═══ PROVIDED MATERIAL ═══

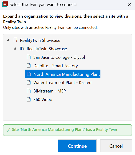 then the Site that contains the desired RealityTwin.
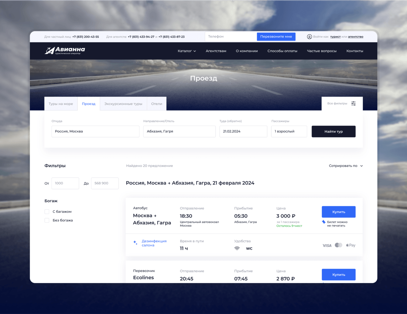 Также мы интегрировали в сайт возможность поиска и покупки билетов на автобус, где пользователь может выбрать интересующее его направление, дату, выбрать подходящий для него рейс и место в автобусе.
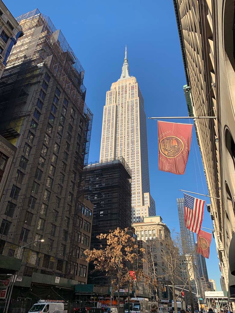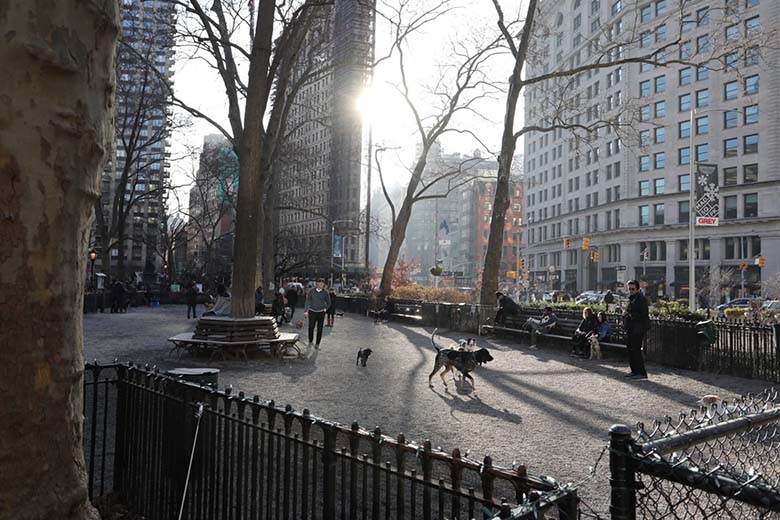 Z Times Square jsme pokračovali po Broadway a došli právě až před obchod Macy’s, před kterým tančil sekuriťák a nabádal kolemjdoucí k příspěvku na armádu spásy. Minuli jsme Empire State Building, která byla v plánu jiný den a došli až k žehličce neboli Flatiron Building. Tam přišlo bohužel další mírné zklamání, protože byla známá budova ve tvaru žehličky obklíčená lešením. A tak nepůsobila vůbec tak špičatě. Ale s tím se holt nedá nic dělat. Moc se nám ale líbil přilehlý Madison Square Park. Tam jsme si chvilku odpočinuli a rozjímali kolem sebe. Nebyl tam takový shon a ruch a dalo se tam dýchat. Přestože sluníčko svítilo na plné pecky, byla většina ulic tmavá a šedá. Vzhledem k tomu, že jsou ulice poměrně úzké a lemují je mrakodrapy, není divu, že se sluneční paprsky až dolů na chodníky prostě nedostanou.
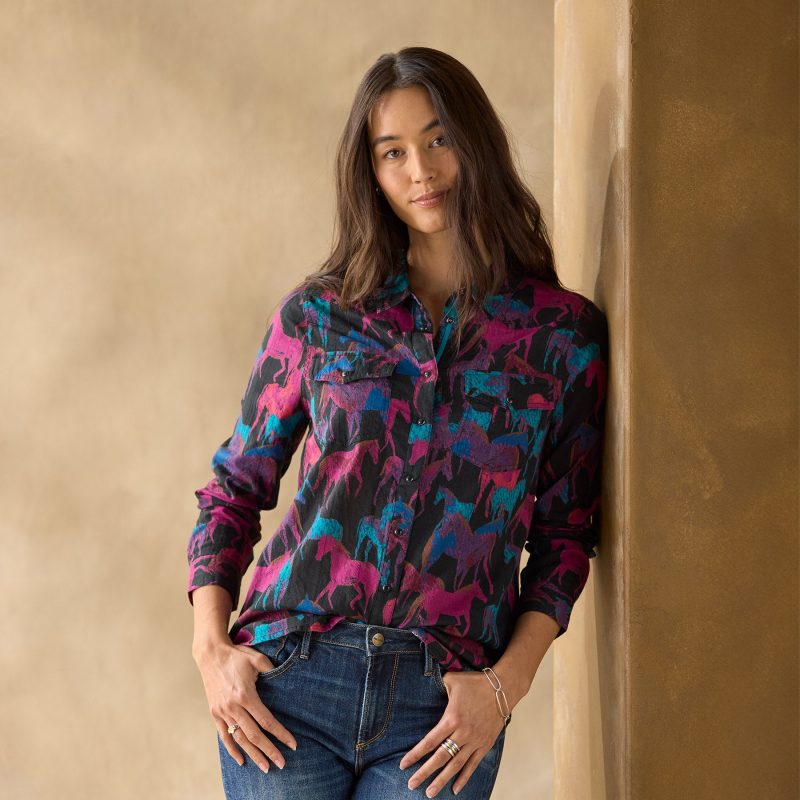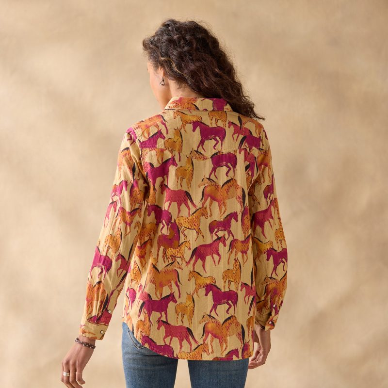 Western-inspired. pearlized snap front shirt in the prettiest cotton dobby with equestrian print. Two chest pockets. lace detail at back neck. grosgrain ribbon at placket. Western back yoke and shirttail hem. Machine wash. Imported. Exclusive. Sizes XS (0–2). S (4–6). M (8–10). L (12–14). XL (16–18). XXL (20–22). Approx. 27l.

═══

ASSIGNMENT:
Nothing but the lines from the beginning of the material through the line with "Z Times Square" should appear, printed exactly, with no pictures among them.

WRITTEN ANSWER:
 then the Site that contains the desired RealityTwin.
 Также мы интегрировали в сайт возможность поиска и покупки билетов на автобус, где пользователь может выбрать интересующее его направление, дату, выбрать подходящий для него рейс и место в автобусе.
 Z Times Square jsme pokračovali po Broadway a došli právě až před obchod Macy’s, před kterým tančil sekuriťák a nabádal kolemjdoucí k příspěvku na armádu spásy. Minuli jsme Empire State Building, která byla v plánu jiný den a došli až k žehličce neboli Flatiron Building. Tam přišlo bohužel další mírné zklamání, protože byla známá budova ve tvaru žehličky obklíčená lešením. A tak nepůsobila vůbec tak špičatě. Ale s tím se holt nedá nic dělat. Moc se nám ale líbil přilehlý Madison Square Park. Tam jsme si chvilku odpočinuli a rozjímali kolem sebe. Nebyl tam takový shon a ruch a dalo se tam dýchat. Přestože sluníčko svítilo na plné pecky, byla většina ulic tmavá a šedá. Vzhledem k tomu, že jsou ulice poměrně úzké a lemují je mrakodrapy, není divu, že se sluneční paprsky až dolů na chodníky prostě nedostanou.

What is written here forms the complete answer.